Abstract Reinforced concrete shear walls are often used to resist the lateral loads imposed by earthquakes. Accurate evaluation of the seismic demands on shear walls requires adequate considerations of the nonlinear behavior of structural and foundation elements, the interaction between them, and the uncertainty and variability associated with earthquake ground motions. This paper presents a comprehensive probabilistic seismic demand analysis of a typical mid-rise slender shear wall in western US with a flexible foundation and evaluates the significance of soil–structure interaction (SSI) effects on their damage probability. Utilizing realistic numerical models for the shear wall and its foundation, the nonlinear time history analyses were conducted with a large number of recorded ground motions. Response quantities such as maximum inter-story drift ratio, base shear, foundation displacement and rotation are monitored and related to the intensity measure of ground motions (i.e. the inelastic spectral displacement S d i ) for the cases with and without considering the SSI effects.
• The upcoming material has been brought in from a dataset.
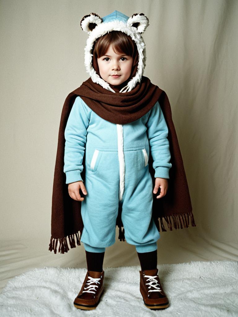 Newborn costume, solo, realistic, hood, blue eyes, 1girl, barefoot, looking at viewer, brown hair, photorealistic, animal hood, child
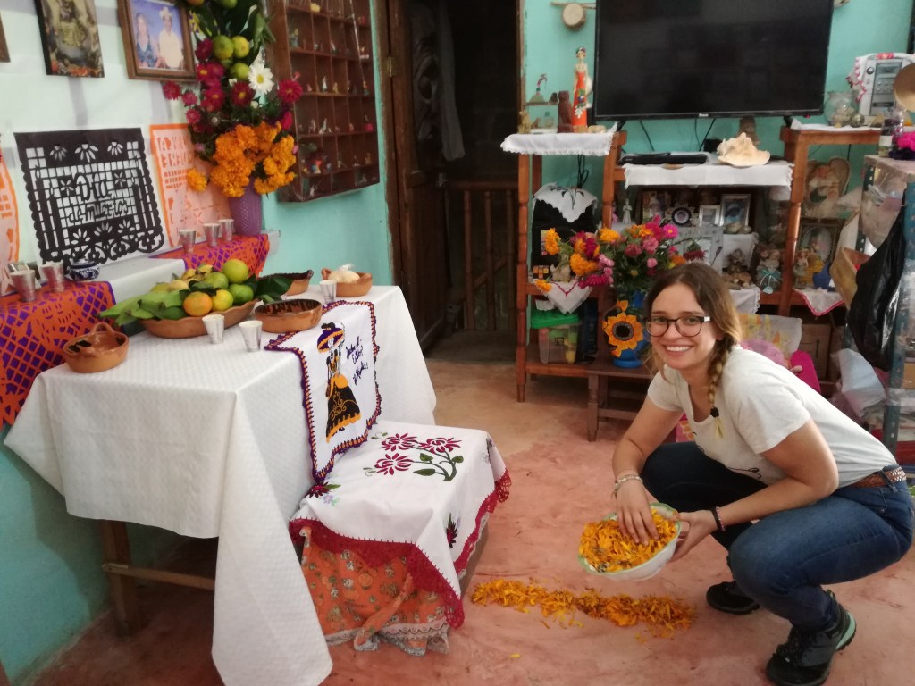 Se qualcuno mi dovesse chiedere qual è la prima cosa che mi viene in mente pensando al Día de Muertos messicano, risponderei senza dubbio Cempoalxochitl (“fiore venti” in náhuatl). L’immagine dei tipici fiori (Tagetes Erecta), che si utilizzano per adornare gli altari e per accompagnare i propri cari defunti dal Mictlan al mondo dei vivi, è prominente ed inebria la mia mente avvolgendo qualsiasi altro ricordo legato a questa festività, tingendolo di arancione.

Subsequently, the fragility functions of the shear wall are derived and the impact of SSI effects is investigated. It is found that the SSI generally reduces the damage probability of the shear wall, especially when soil nonlinearity is taken into account. The sensitivity of various seismic demands to soil parameters is also discussed. Under strong ground shakings, SSI effects on the maximum inter-story drift are most sensitive to the friction angle of the soil. It is suggested that the damages in foundation and surrounding soil should also be considered in order to systematically evaluate the SSI effects on damage probability of shear wall buildings.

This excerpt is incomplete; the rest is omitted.